Triage is not perfect! A friend of mine was taken to the emergency department at Fremantle Hospital in the morning after having a fall at work. He was left there by the other employee after being told to wait by the triage nurse. Many hours later (probably at least 7 hours) he was spotted sitting there by a nurse he knew. She realised that he had not responded when his name had been called and nobody had noticed him or that he was unconscious. She arranged for him to be seen immediatly and it was found that he had a non-visible head injury. He spent three days in hospital.

On another occasion, I took my late husband to Armadale Hospital because he could not urinate. He was in great discomfort but was told to wait. After some considerable time I could see that he was in agony but not wanting to make a fuss. Another talk with the triage nurse did get attention, but only because I told him to not hide his pain. The care he then received was excellent.

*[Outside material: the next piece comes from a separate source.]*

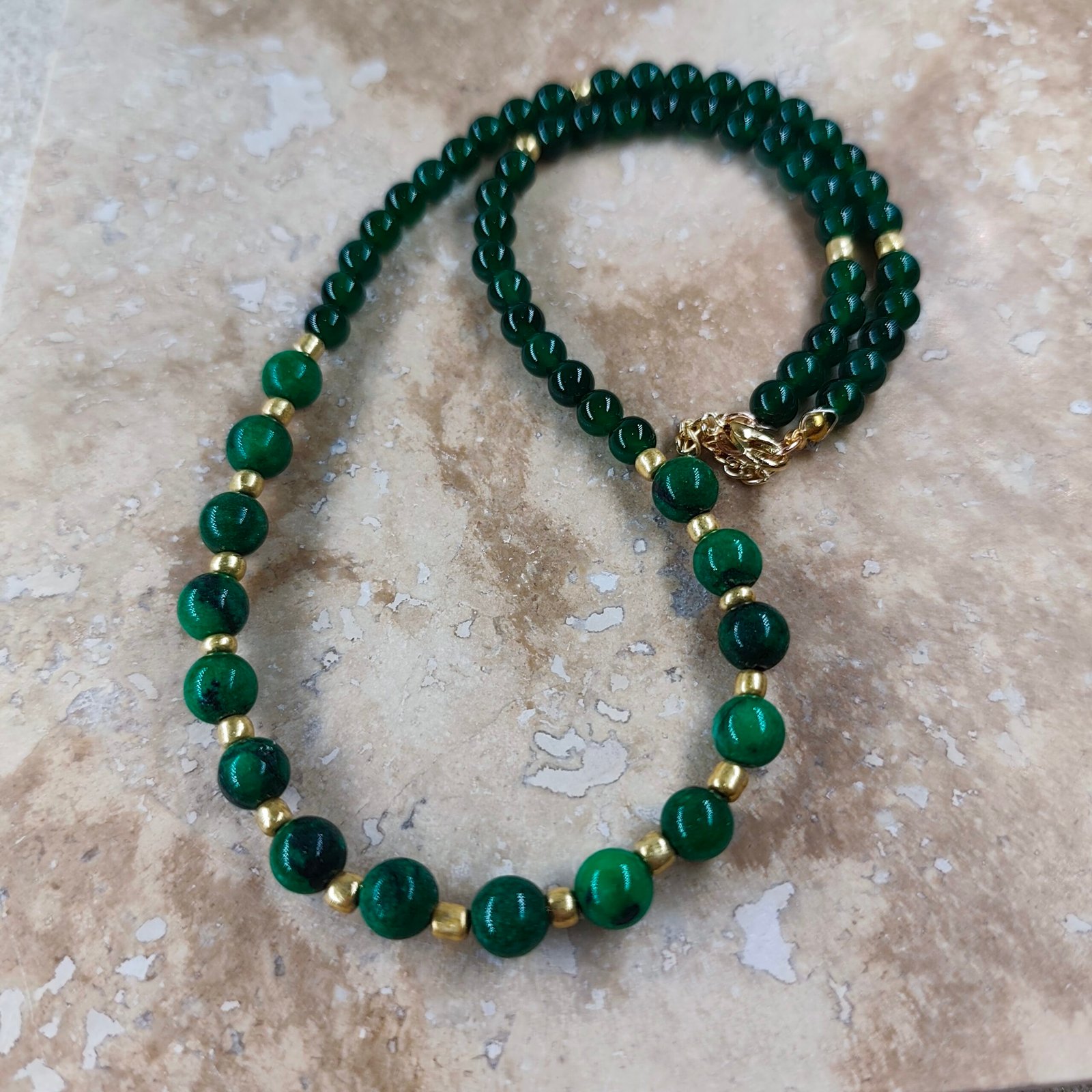 Malachite beads add vibrancy and energy to the necklace.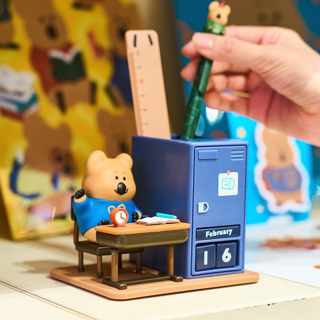 ▼尤其是這款「Dinotaeng Fatty Perpetual Calendar 造型萬年桌曆筆筒」,巧妙地融入了校園生活的元素,可愛的袋鼠Quokka坐在教室裡,模樣非常認真,舉手的姿態仿佛正想要積極回答老師的提問。桌面上擺放的筆記本、筆和小鬧鐘等細節設計,增加了整個萬年桌曆的生活氛圍,旁邊的筆筒設計成儲物櫃的造型,上面貼有棉花糖Marsh的照片。更加特別的是,這款筆筒還能夠作為萬年曆使用,無論是放在辦公桌上、書桌上或是家中的任何角落,都能為空間增添一抹明亮的色彩和無窮的樂趣!

Sqweaky axles get the grease.



I too spent 3 and a half hours in extreme pain min Feb this year when I had for the first time in my like a kidney stone problem.
I believe it is know to be extremely painful but I just had to wait in queue no knowing that I was going to wait 3 1/2 hours. I just felt afterwards that I should at least have been given something to help me with the pain while waiting.

Talking with the staff I was told that while this was a brand new emergency department, it was already too small in terms of beds available.